What to do: The expected result is the material below, reproduced exactly from its first line through the line containing "14KT YELLOW GOLD".

Source data:
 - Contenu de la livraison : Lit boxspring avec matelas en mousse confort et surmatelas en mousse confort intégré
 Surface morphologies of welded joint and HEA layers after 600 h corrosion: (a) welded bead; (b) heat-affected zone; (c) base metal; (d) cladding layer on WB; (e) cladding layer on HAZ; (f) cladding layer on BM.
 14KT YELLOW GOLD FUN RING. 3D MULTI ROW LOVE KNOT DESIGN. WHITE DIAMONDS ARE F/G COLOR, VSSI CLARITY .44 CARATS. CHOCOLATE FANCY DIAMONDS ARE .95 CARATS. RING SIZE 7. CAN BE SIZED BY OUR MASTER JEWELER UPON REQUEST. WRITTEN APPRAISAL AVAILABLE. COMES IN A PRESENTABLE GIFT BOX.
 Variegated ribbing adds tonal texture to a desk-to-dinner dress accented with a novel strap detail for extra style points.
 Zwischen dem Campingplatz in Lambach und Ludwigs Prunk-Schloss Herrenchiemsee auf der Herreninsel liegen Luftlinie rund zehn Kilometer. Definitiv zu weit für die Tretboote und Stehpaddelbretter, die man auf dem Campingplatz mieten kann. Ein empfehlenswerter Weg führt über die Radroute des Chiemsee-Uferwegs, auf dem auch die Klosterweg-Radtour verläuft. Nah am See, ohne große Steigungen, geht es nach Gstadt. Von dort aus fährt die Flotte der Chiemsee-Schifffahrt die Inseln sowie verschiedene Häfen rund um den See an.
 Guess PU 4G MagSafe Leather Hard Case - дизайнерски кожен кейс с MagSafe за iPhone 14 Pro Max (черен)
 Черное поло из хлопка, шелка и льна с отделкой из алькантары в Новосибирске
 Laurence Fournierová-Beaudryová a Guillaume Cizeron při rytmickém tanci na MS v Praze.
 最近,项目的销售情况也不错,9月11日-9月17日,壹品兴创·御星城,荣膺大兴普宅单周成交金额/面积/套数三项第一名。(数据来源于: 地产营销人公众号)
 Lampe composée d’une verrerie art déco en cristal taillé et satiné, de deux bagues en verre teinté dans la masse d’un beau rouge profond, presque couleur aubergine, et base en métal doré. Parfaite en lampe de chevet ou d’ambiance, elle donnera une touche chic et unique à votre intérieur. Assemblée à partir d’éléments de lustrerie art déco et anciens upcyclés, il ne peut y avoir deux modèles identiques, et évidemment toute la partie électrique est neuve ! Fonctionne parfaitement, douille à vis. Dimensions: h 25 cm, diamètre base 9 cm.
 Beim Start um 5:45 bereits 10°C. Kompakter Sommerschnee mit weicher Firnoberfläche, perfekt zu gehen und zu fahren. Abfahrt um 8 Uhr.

Task response:
 - Contenu de la livraison : Lit boxspring avec matelas en mousse confort et surmatelas en mousse confort intégré
 Surface morphologies of welded joint and HEA layers after 600 h corrosion: (a) welded bead; (b) heat-affected zone; (c) base metal; (d) cladding layer on WB; (e) cladding layer on HAZ; (f) cladding layer on BM.
 14KT YELLOW GOLD FUN RING. 3D MULTI ROW LOVE KNOT DESIGN. WHITE DIAMONDS ARE F/G COLOR, VSSI CLARITY .44 CARATS. CHOCOLATE FANCY DIAMONDS ARE .95 CARATS. RING SIZE 7. CAN BE SIZED BY OUR MASTER JEWELER UPON REQUEST. WRITTEN APPRAISAL AVAILABLE. COMES IN A PRESENTABLE GIFT BOX.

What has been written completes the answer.